Modena: ora il Duomo è una meraviglia a portata di mano

Percorso tattile, con plastico in che permette a non vedenti di scoprire le meraviglie della Cattedrale e Ghirlandina

Modena, percorso tattile: il duomo a portata di mano

MODENA. Finalmente anche per i non vedenti e gli ipovedenti il sito Unesco diventa “a portata di mano”, come recita il bello slogan scelto dal Comune per lanciare l’iniziativa che inaugura domani alle 10,30 al piano terra di palazzo comunale. Ieri il vicesindaco Gianpietro Cavazza e la direttrice dei musei civici Francesca Piccinini hanno infatti illustrato un grande plastico raffigurante Duomo, Ghirlandina e piazza Grande. In questo modo i diversamente abili - cittadini e turisti - potranno percepire con gli altri sensi la straordinarietà del sito romanico entrato vent’anni fa nella lista del patrimonio dell’umanità. In una piccola sala al piano terra, a pochi metri dalla Preda ringadora, chi vuole può toccare appunto ogni più piccolo particolare dei monumenti. Essi sono infatti stati riprodotti attraverso la stampa 3D dall’azienda specializzata Justprint3D di Castellarano e risultano perciò perfetti, riprodotti esattamente in ogni più piccolo particolare in scala 1:100. Nella saletta, al fianco del plastico, restano anche spazi per ospitare la riproduzione in gesso di particolari provenienti dai due monumenti simbolo della città. Questi, però, non sono stampati in 3D perché sarebbe stato troppo costoso realizzarli con questa tecnica, come spiegano i responsabili.

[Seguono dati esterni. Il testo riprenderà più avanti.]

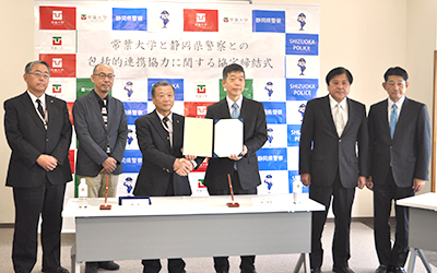本学は、地域の更なる発展と安全・安心な社会づくりに貢献することを目的として相互が包括的に協力、連携をする協定を静岡県警察と締結しました。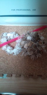 こんばんは☆ 後少しでマフラー完成です(^-^)v シュシュ作ってみました♪右は買ったシュシュで~す では仕事頑張ります(^-^)v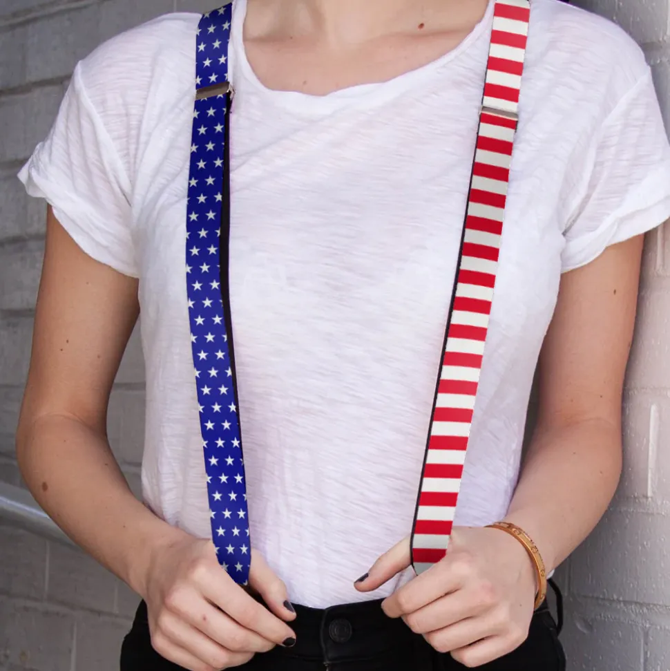 Suspenders - 1.0" - United States Flag Split Stars Blue/White + Stripes Red/White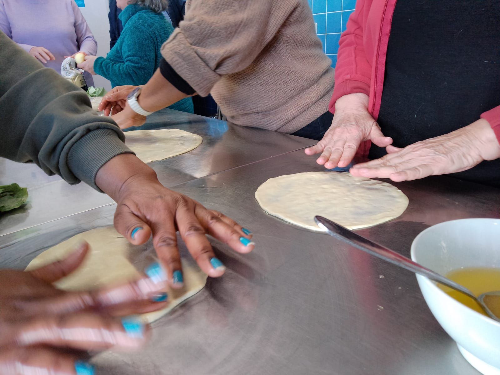 A tour de rôle les participantes transmettent et apprennent les unes des autres. La cuisine du Puzzle sent bon le sucre et le beurre, et elle est pleine de la chaleur des fours et des rencontres. A 16h, il est temps de se régaler. Salimata tartine généreusement de caramel les msemens d’Halima pour les proposer à d’autres personnes du Puzzle. L’échange se poursuit bien au-delà de l’heure prévue : c’est bon signe !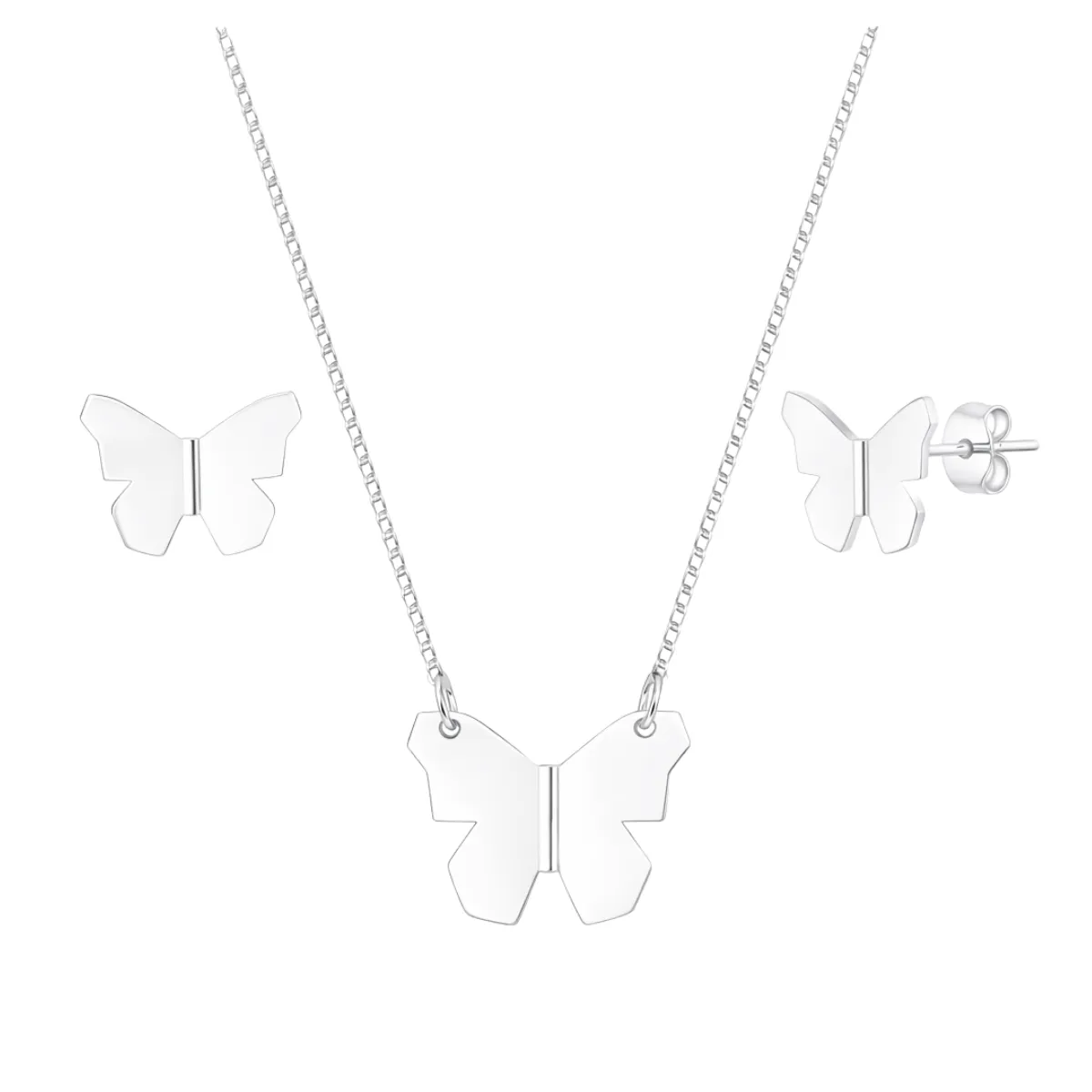 O Conjunto Borboleta Origami é composto por colar e brinco com design inspirado nas dobraduras do origami, formando uma delicada borboleta — símbolo de transformação, leveza e renovação. Confeccionado em Prata 925 legítima, é perfeito para quem busca um acessório sofisticado, minimalista e cheio de significado.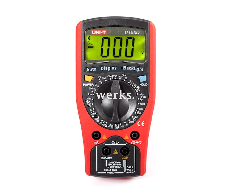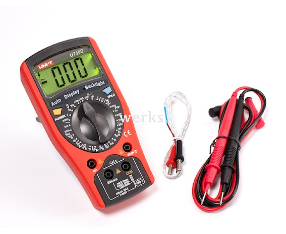 Надежный, безопасный и точный цифровой мультиметр. Он позволяет измерять постоянный и переменный ток, постоянное и переменное напряжение, сопротивление, ёмкость, температуру и индуктивность, а также выполнять прозвонку цепей и тестирование диодов. Устройство имеет ручной выбор диапазона измерений и 3,5-разрядный ЖК-дисплей с подсветкой. Индикация разряда батареи, функция сохранения показаний (HOLD) и автоматическое отключение питания при простое. В комплект входят щупы, термопара, батарейка и инструкция. Напряжение постоянного тока - 200 мВ/2/20/200/1000 В (±0,5%±1) Напряжение переменного тока - 2/20/200/750 В (±0,8%±3) Постоянный ток - 2/200 мА/20 А (±0,8%±1) Переменный ток - 20/200 мА/20 А (±1,0%±3) Электрическое сопротивление - 200 Ω/2/200 KΩ/2/20 МΩ (±0,8%±1) Ёмкость - 20/200 нФ/2/100 мкФ (±2,5%±5) Индуктивность - 2/20/200 мГн/20 Гн (±2,0%±10) Температура - -40°C ~ +1000°C (±1,0%±3) Питание - 1 х 9 В батарейка 6F22 (типа Крона) Размеры - 165 x 80 x 38 мм Вес - 275 г. Прибор используется для измерения постоянного и переменного тока, напряжения, сопротивления, ёмкости, температуры и индуктивности, а также для прозвонки цепей и тестирования диодов.

«Abbiamo realizzato - spiega Carlo Palmieri di Justprint3D - una fresatura di blocchi di polistirolo per dare vita al contesto intorno ai monumenti. Per cattedrale e Ghirlandina i dettagli stampati sono veramente molto sottili , in alcuni casi frazioni di millimetro. Abbiamo stampato, usando materiali importanti, attraverso la stereolitografia, la prima tecnologia di stampa 3D inventata già nel 1986. Questa tecnologia resta la più sofistica e pregiata e utilizza resine liquide, usando un processo di stampa piuttosto semplice, partendo da un file 3D».


Molto felici ovviamente i vertici dell’associazione Unione italiana ciechi Modena, rappresentata dal presidente Ivan Galiotto e dal consigliere Nadia Luppi: «Finalmente anche noi - spiegano - possiamo comprendere con il tatto la bellezza rappresentata da questi prestigiosi monumenti che abbiamo sempre sentito raccontare. Così ci sentiamo sempre più parte della nostra comunità».

Intervengono anche Cavazza, Piccinini e Luana Ponzoni del museo civico: «Abbiamo scelto - spiegano - questo angolo interno al sito Unesco, in modo da rendere fruibile a tutti queste bellezze. Abbiamo appena festeggiato il ventennale e approvato il regolamento che mancava, inoltre come Comune ogni anno destiniamo 5 milioni alle disabilità in ambito scolastico». Anche Unimore - rappresentata dal professor Giacomo Guaraldi - è attenta ai diritti dei 500 studenti diversamente abili.